Bad News had done good business for the territory all summer long, working his way through the entire roster of babyfaces, eating them up and spitting them out. When I got back in late August, we worked a three-week program; I dropped the North American belt to him on September 3 and won it back two weeks later. He ate me up so badly that I was seen as a guy who was lucky to be alive, let alone be the champion. He left me in a bloody heap every time. I was Stu’s top babyface now. When News left, there weren’t any big heels for me to work with so, once again, I found myself holding the North American belt yet only wrestling tag matches.

By the end of October, Smith had put together another tour to Antigua; this time Smith’s old pal, Dick Steinborn, was helping him out. And he talked Stu into coming along. I couldn’t believe Stu was going along with it. Tom refused to go this time because he didn’t want his check coming from Stu again. But Bruce, Big Jim, half the crew from Calgary and even Ed Whalen decided to go, while the rest of the boys stayed behind to cover the Friday-night show in Calgary. I went too, thinking the trip would be a good chance to get my dad alone and tell him not only that Julie and I were married, but also that we were going to make him a grandfather.

We stayed at the same hotel as last time, with the open bar, and Big Jim decided to play bartender, doling out rum and Cokes as if they were water. Well, after all, we’d been warned against drinking the water—so we drank everything else! A catchy local reggae number called “Stampede Wrestling”—written to celebrate us—played on the radio in the bar; in my head I saw the strange band of wrestling characters I usually associated with freezing snowstorms wrestling to a tropical beat. Ed Whalen was a bigger star down here than any of the wrestlers, and he couldn’t get over being mobbed for autographs everywhere he went.

Jim insisted to Stu that there was no alcohol in the drinks he kept handing him. Stu thought he was downing Cokes—until he stood up and swayed out into the steamy tropical heat. When he came back into the bar sunburned and not in a very friendly mood either, Jim offered to fix him a cold one, and Stu barked, “Go to hell, you bastard!
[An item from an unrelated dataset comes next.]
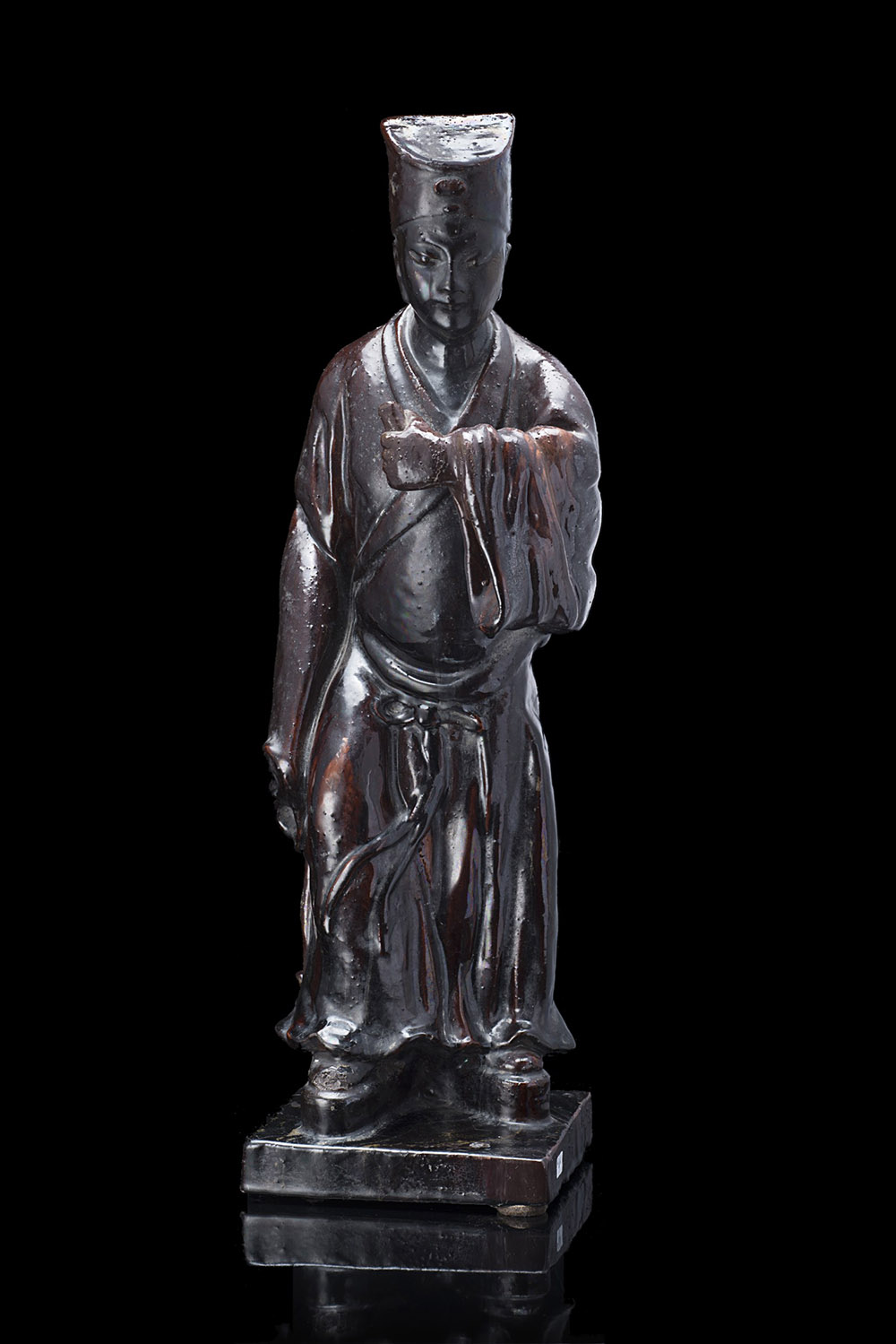 Manifattura della fine del sec. XIX. "Figura di dignitario cinese" scultura in grès a smalto monocromo. Etichetta della Collezione Questa, Torino, al retro (h. cm 53) (difetti)

I’ll get my own!” and wandered off to his room. It was the first and only time I ever saw my dad tipsy.

One afternoon I seized the opportunity to take Stu for a walk on the beach and tell him about me and Julie. My plan was foiled when two girls walked by. Stu’s eyes grew wide with disbelief. He’d never in his life even heard of a topless beach, and in his wildest dreams he couldn’t imagine what had got into these women. But it turned out he didn’t mind it any more than I did. Somehow it didn’t feel like the most appropriate time to mention that I was married.

Stu ended up not making a dime on Smith’s adventure. He ended up having to pay for everything, including the bar tab. Smith and Steinborn had both gone on to Puerto Rico, taking the proceeds with them, where they were planning to invest in a questionable deal together. By Smith’s way of reasoning, he would turn a nice profit and no one would be the wiser. The problem was that Steinborn ended up with all the money. Smith called the police to get it back. No such luck, and Smith returned home empty-handed.
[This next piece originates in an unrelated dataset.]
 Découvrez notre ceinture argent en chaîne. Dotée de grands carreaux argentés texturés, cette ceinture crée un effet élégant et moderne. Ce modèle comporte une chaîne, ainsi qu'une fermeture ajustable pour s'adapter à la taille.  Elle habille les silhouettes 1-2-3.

By November, Julie was four months pregnant and beginning to show. I cautiously penned a letter to my mom and dad that included these lines: “I hope you’ll forgive me for going about this the way I have. I never intended on hurting you or disrespecting you. On July 8th Julie and I were married.

Sadly, I never felt anyone in the family would be too thrilled with that announcement so therefore they didn’t need to know. If the bases were loaded, with Ellie and Jim on 3rd, and Georgia and B.J.

on 2nd . . . I guess I’d have to be on 1st. Julie is 4 months pregnant.” I taped the letter to my mother’s pillow. Unbeknownst to me, my mom went to bed in the dark that night, turning her pillow over, and didn’t find the letter for six days! When she found it and told the others our news, Georgia was the first to call to say congratulations. My mother said she understood. Stu never brought it up with me.

That New Year’s Eve, Keith and Leslie got married at Hart house, the first of a long line of can-you-top-this weddings. Five hundred guests we hardly knew stubbed out their cigarettes on the oriental rugs and slapped Stu on the back offering him drinks, which he refused. I was glad I had eloped! At Keith’s wedding, Alison and Ben announced that they’d be getting married in May. Bruce had brought as his guest his new young girlfriend, Andrea. A few days later my mom suddenly announced that they’d be getting married too, in June.

Being the North American champion but never once defending the title didn’t sit well with me, especially since, as of January 4, 1983, I was set to drop it to Leo in a few weeks. I got the idea that it would be a terrific opportunity to have a match with Davey. He and I had spent a lot of time in my living room during the past year watching videos of our matches: a teacher and his student. Davey could copy any move and was great at doing what he was told, but, unlike Tom or myself, he had little clue how to call a match on his own. He desperately wanted to work in Japan, and I thought I could do for him what Leo had done for me.

Davey and I were both very popular in Regina, which I thought would be the perfect setting for our match. I gave Davey the finish and worked out six complicated high spots that I’d call out by number only and drilled them into his head.

In the ring, wearing a red singlet, Davey stood nervously staring back at me while I took in the cheering crowd. With no real issue between me and Davey Boy, it was beginning to dawn on the fans that they really weren’t sure who would win. I outweighed Davey by fifteen pounds, so he’d surely be the underdog. The match built slowly. At one point, after breaking on the ropes, we erupted into a heated scuffle that grew tense after I gave Davey a hard slap. Some of the fans thought it was a cheap shot while others thought he needed it. A minute later, by design, Davey hauled off and slapped me right back. Then we got serious.

Fifteen minutes of heavy action later, Davey had to hide his head under the ring so he could throw up, while I covered for him by breaking the count. I eventually settled him down, and soon we had everyone standing. Davey tore into the ropes and dove out onto me, on the floor. The fans popped at the high-speed collision. Cedrick Hathaway, the ref, began to count, and the fans assumed it was all over, so they circled around us. I pulled Davey up and we cut a swath through them, and then I rolled him back into the ring. The fans stayed, pounding their hands on the mat, cheering us on. I held Davey in a rear chin lock, glancing out to Gil, who was trying to maintain security. He looked back apologetically because now it would be impossible to get the fans back in their seats. But I wasn’t worried, it was a babyface match.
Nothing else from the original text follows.